- [Required action]:
Everything in the entries except the pictures should be copied exactly.

- [Entries supplied]:
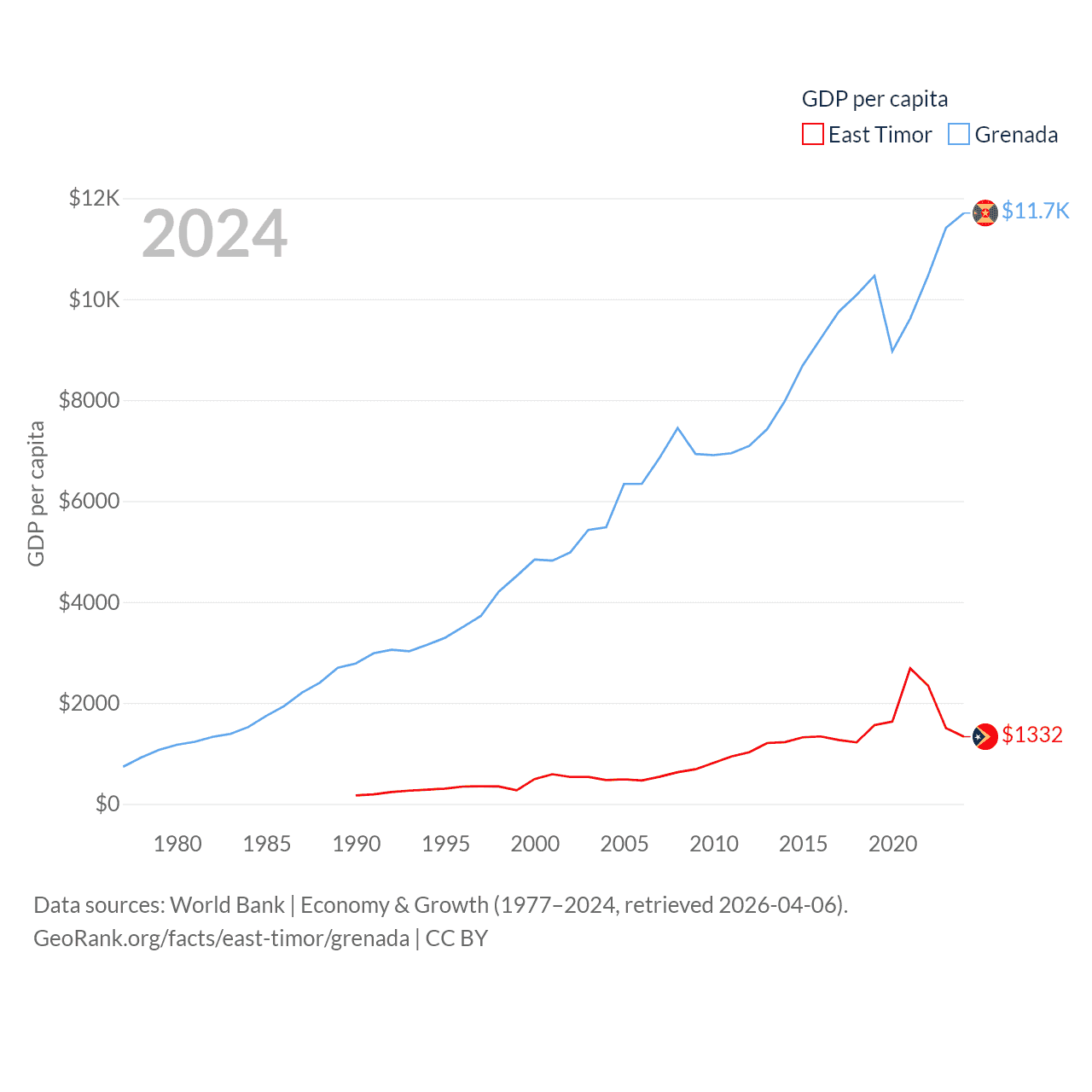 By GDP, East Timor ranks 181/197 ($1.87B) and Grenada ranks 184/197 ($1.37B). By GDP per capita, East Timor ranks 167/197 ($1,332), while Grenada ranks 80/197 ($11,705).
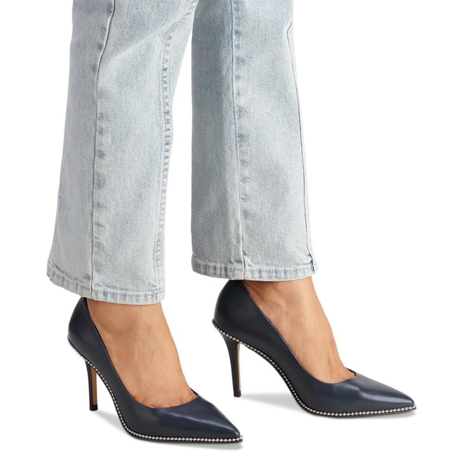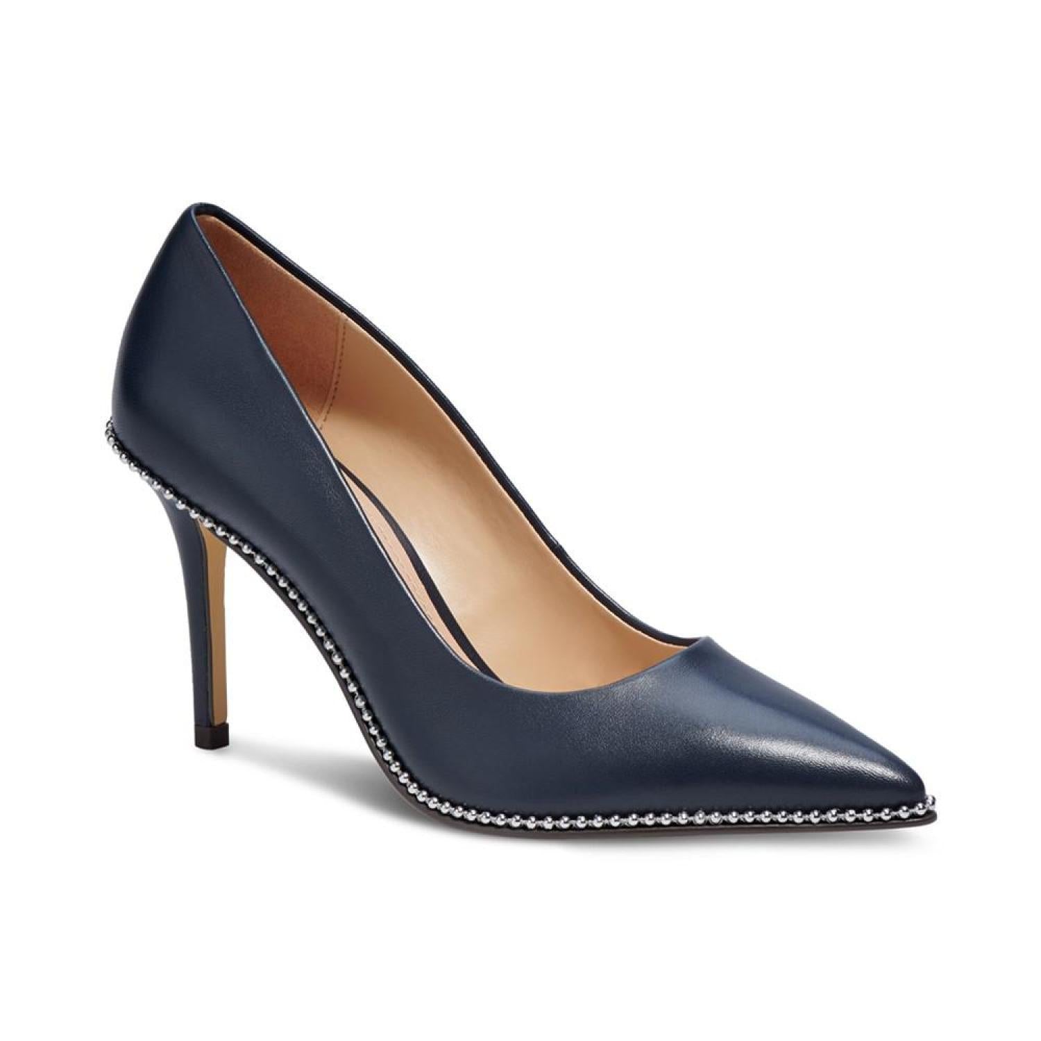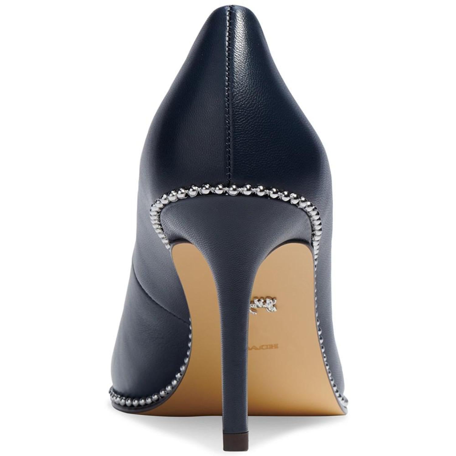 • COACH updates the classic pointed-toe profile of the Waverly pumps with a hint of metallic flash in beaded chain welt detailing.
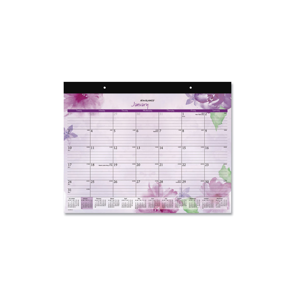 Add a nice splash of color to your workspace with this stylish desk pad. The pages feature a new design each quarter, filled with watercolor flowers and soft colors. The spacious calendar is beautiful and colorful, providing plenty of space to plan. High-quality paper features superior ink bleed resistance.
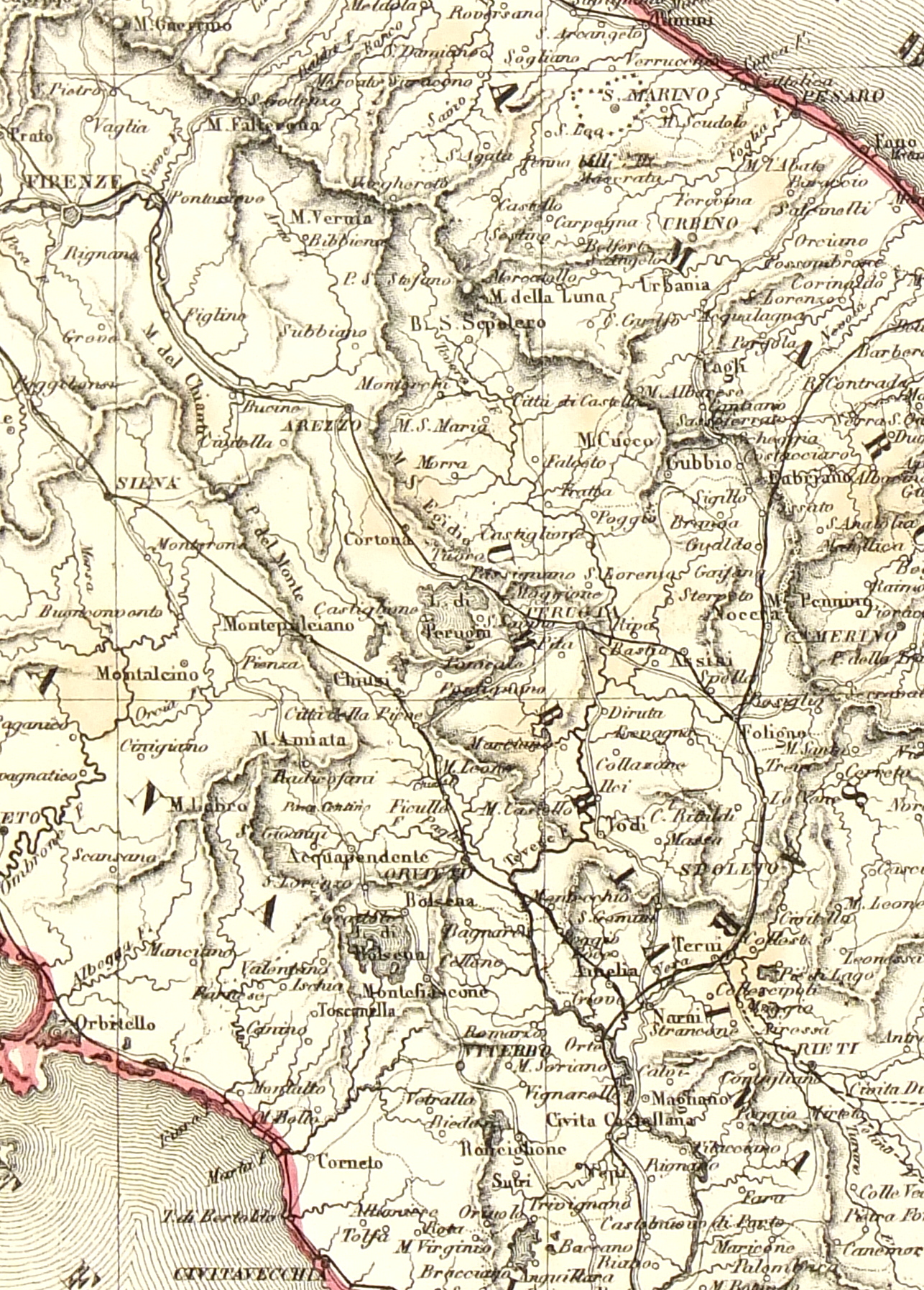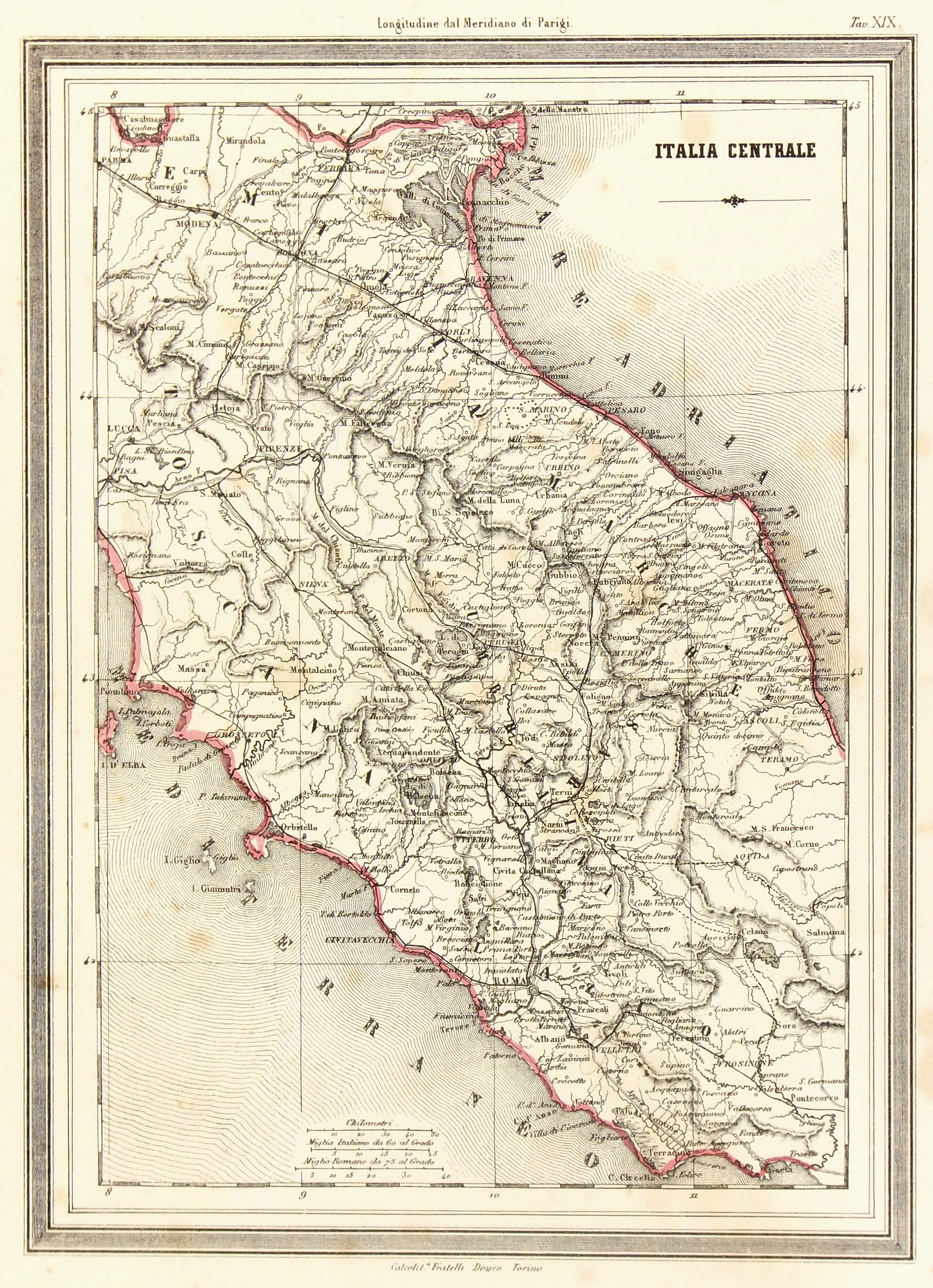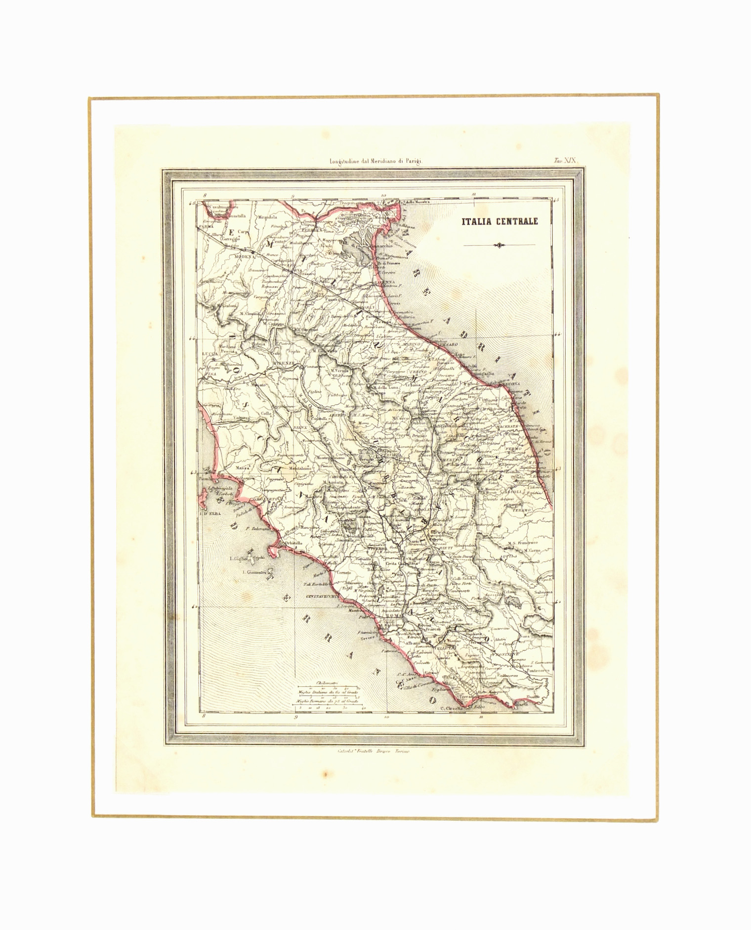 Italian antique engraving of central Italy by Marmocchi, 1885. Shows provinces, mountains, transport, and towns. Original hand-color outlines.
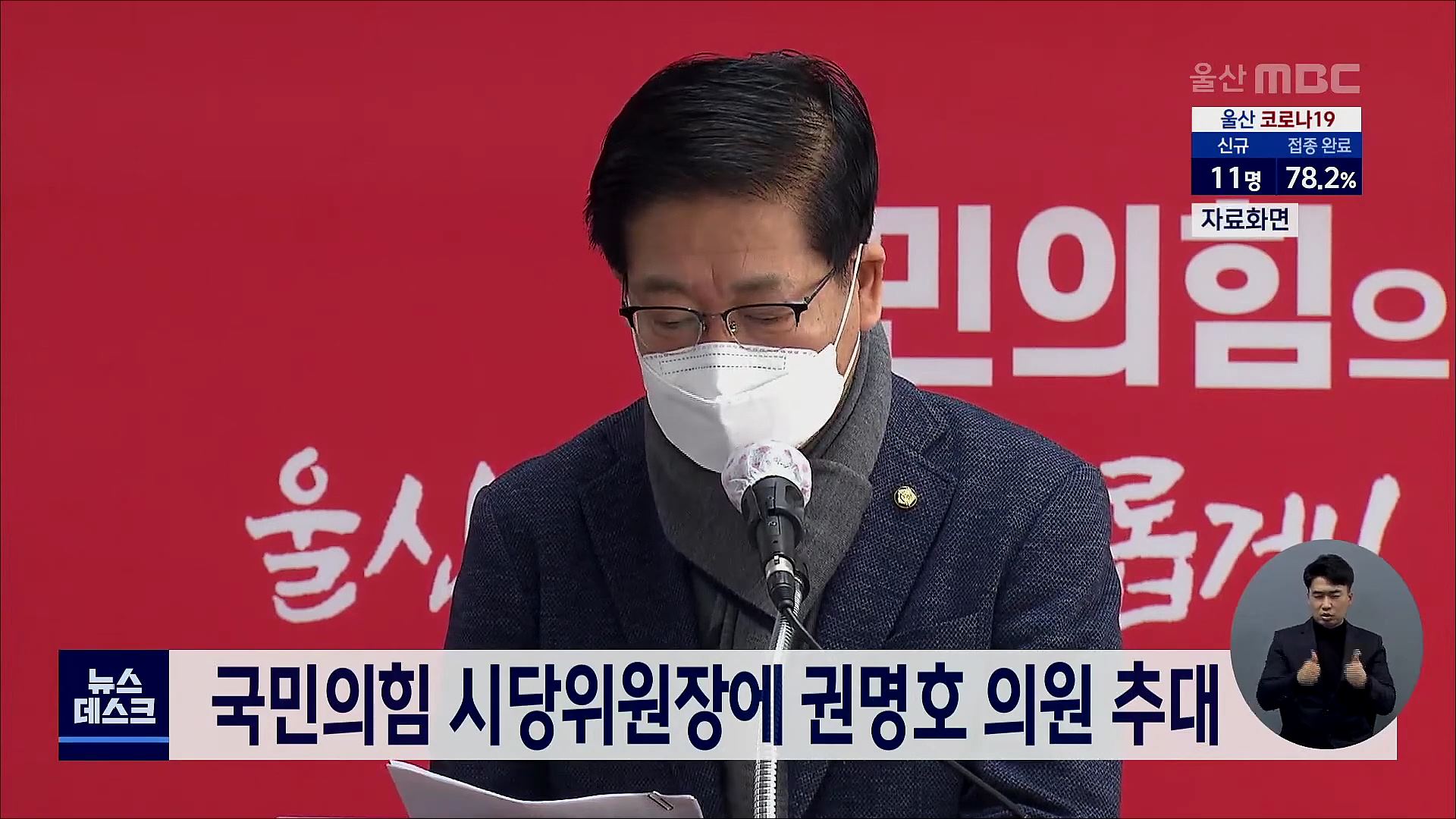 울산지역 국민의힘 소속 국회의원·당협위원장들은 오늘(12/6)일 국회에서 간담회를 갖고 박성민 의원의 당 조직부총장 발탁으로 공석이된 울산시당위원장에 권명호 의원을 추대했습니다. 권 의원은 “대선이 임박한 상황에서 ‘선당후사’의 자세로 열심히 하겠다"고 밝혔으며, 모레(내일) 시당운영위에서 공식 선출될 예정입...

- [Written answer]:
 By GDP, East Timor ranks 181/197 ($1.87B) and Grenada ranks 184/197 ($1.37B). By GDP per capita, East Timor ranks 167/197 ($1,332), while Grenada ranks 80/197 ($11,705).
 • COACH updates the classic pointed-toe profile of the Waverly pumps with a hint of metallic flash in beaded chain welt detailing.
 Add a nice splash of color to your workspace with this stylish desk pad. The pages feature a new design each quarter, filled with watercolor flowers and soft colors. The spacious calendar is beautiful and colorful, providing plenty of space to plan. High-quality paper features superior ink bleed resistance.
 Italian antique engraving of central Italy by Marmocchi, 1885. Shows provinces, mountains, transport, and towns. Original hand-color outlines.
 울산지역 국민의힘 소속 국회의원·당협위원장들은 오늘(12/6)일 국회에서 간담회를 갖고 박성민 의원의 당 조직부총장 발탁으로 공석이된 울산시당위원장에 권명호 의원을 추대했습니다. 권 의원은 “대선이 임박한 상황에서 ‘선당후사’의 자세로 열심히 하겠다"고 밝혔으며, 모레(내일) 시당운영위에서 공식 선출될 예정입...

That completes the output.